I dream of the gardens, vast and twinkling in the mists of twilight. Clusters of fireflies constellate the horizon, and I can see someone up ahead—a flitting of white fabric, wind-rippled as it floats around scurrying feet, pale and bare. Soon she comes into view, jet-black hair, a moon-white dress.

“Isabelle,” I whisper.

I try to follow, but the night grows darker, and I know I’ll never catch her in time. All around me—a buzzing sound.

“Are you sure it’s Isabelle?” asks a voice to my left. It’s Aspen, bathed in moonlight and stretched out on an elegant chaise longue. She wears an evening gown made entirely of peacock feathers. “Or is it Sabine? They let her die. We all let her die. So that she might be reborn.”

“It’s Isabelle,” I say. “She has my relic.”

“Better catch her quick, then. Before Les Terribles get her. They’re all around, you know.” Aspen plucks a feather from her dress and holds it up to her face, its jade eye obscuring her own. “Just out of sight.”

I’m at the lake now, the sand between my toes. Water laps against the shore and through the fog I can see them—thirteen figures all in a circle. A living relic. At the center stands a woman in white, black hair hanging down in wet waves. Now I’m in the circle, too, part of the coven as it begins to snow.

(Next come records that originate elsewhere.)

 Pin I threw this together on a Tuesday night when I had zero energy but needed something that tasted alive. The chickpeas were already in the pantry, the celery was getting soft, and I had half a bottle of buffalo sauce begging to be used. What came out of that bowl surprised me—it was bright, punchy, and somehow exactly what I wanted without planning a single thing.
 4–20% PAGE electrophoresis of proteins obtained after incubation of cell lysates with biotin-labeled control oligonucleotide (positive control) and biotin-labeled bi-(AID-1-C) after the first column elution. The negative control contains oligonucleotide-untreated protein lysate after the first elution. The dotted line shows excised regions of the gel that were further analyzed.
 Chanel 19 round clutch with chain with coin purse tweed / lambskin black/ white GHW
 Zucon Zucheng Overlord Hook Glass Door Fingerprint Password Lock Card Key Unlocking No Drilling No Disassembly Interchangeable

Isabelle stands perfectly still, her back to me. Her hair is stringy and tangled now, the hair of a madwoman. Her dress is in tatters, more gray than white, and her arms, hanging limp at her side, are covered with scratches. Some of the wounds are slowly oozing blood, crimson rivulets dripping into the snow that now blankets the ground.

I reach out to touch her, but she’s no longer there.

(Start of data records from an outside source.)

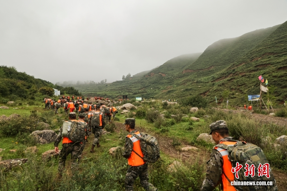 8月8日,武警甘肅總隊機動支隊官兵挺進災(zāi)區(qū)甘肅省蘭州市榆中縣馬坡鄉(xiāng)舊莊溝村展開救援。劉昆 攝
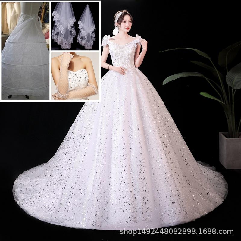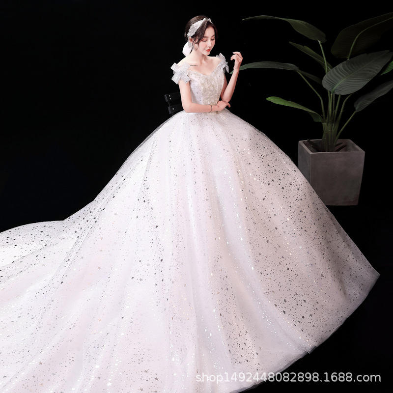 S0293X abito da sposa con spalle scoperte da sposa con gonna gonfia lungo fino al pavimento semplice piccola principessa sottile
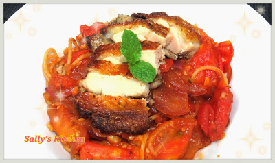 不想煮太多,簡簡單單,煮個簡易晚餐!!! 我們仍是離不開辣!! 不喜歡辣的可以什麼辣的東東也不加,自己調味到合適味道便可以啦!!! 其實唔喜愛雞扒,配上煎豬扒, 牛扒一樣可以啦啦啦!! 香煎雞扒蕃茄洋蔥炒意粉 (2-3人份) 材料: 意粉 240g 雞扒 1大塊(約300g) 蕃茄 6個(切角) 洋蔥 1-2個(切絲) 蒜頭 6粒(切碎) 辣椒 3-4隻(切粒) <我們太愛辣,... 看全文 -
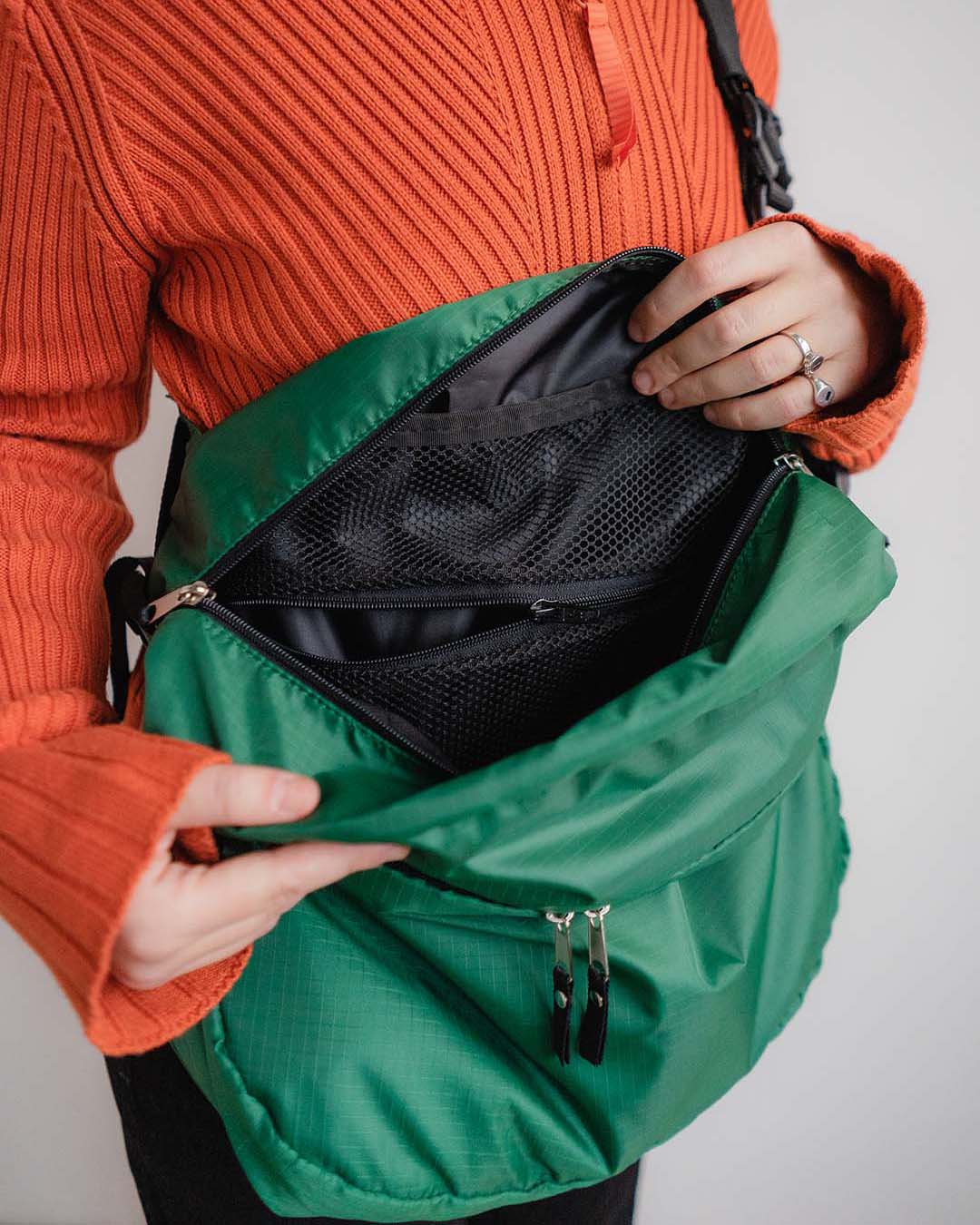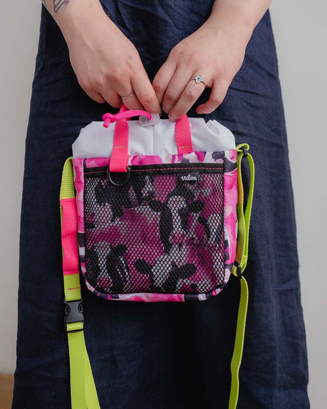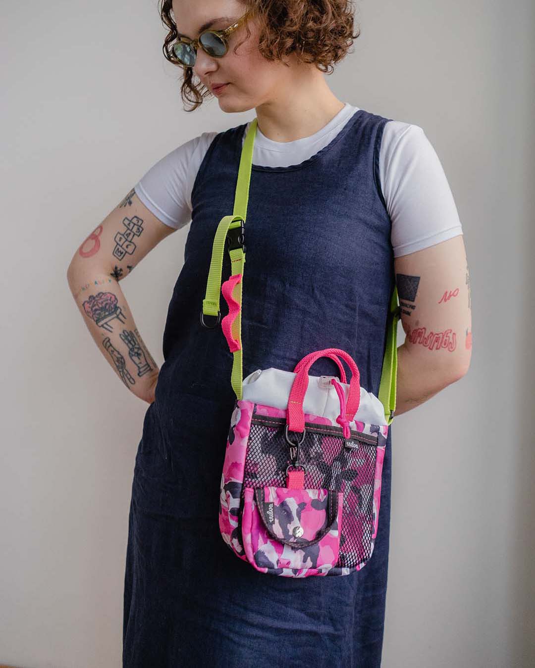 Можно носить в развернутом виде или скрутить верх и сцепить углы карабином. Основной ремешок на карабинах и регулируется по длине, можно отсоединить от сумки.
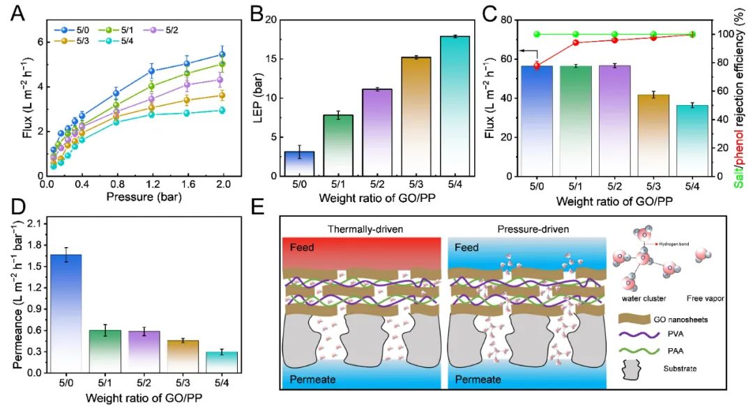 图4 (A)不同GO/PP质量比下N2流量,(B)LEP,(C)蒸汽通量,苯酚和盐的截留效率,(D)不同质量比下GO/PP膜在反渗透过程中的液体渗透率,(E)热驱动MD和压力驱动分离过程渗透机制
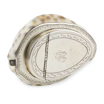 marked IA, S, S, INS, the polished cowrie shell mounted with flush hinged cover with fine borders and foliate initials

The snow falls on my outstretched arm. Not snow—ash.

I’m on the pier now, perched at the edge, and I can see something in the lake, circling in the depths. Slowly it begins to rise, silvery and white, up through the water. A sea creature, gelatinous and massive. Up it comes, a mass of pulsating tentacles. Only when it nears the surface do I see that its tentacles are no more than diaphanous sleeves. Isabelle. Around her, hair swirls out and away like obsidian snakes. One slips up and around my ankle. A tug and I crash through the water. She pulls me down into the deep. All the while, I can see her smiling beside me, her mouth split into a cruel grin—rotten teeth and tangled lake moss—as she drags me down to the subterranean depths, down to the Terrible Ones.

Suddenly I was no longer dreaming. Water slipped between my toes and rain cascaded down my shoulders, the sensations all too real. With horror I realized I wasn’t in bed, but standing outside at the edge of the pier, rain thrashing down around me.

With a jolt, I seized, my body wrenched out of that half-dreaming state and back into the sharpness of reality. I stumbled from the edge and looked around, searching for some explanation. It had happened again. I had no memory of how I’d gotten here.

Staring out at the shadowy water, I tried to make sense of what was happening to me. I hadn’t… I hadn’t actually been in the lake, had I? Lightning slashed through the sky, imparting a sudden vivid clarity. Once again, the world was just the world. Coming to my senses, I turned and raced through the rain back to my cabana.

Once I was safely inside, I dried myself off and changed, and then got into bed, staring out the window at the storm outside.

2.4NEGATIVE IONS: THE LINK BETWEEN UFOS AND BODIES OF WATER

A spokesman for a special and little known Royal Canadian Air Force department in Ottawa for the investigation of Unidentified Flying Objects said last night a series of bright lights which glided into the ocean off Shag Harbor, Shelburne County, Wednesday night may be one of the extremely rare cases where “something concrete” may be found. The spokesman, who identified himself as Squadron Leader Bain, said his department was “very interested” in the matter.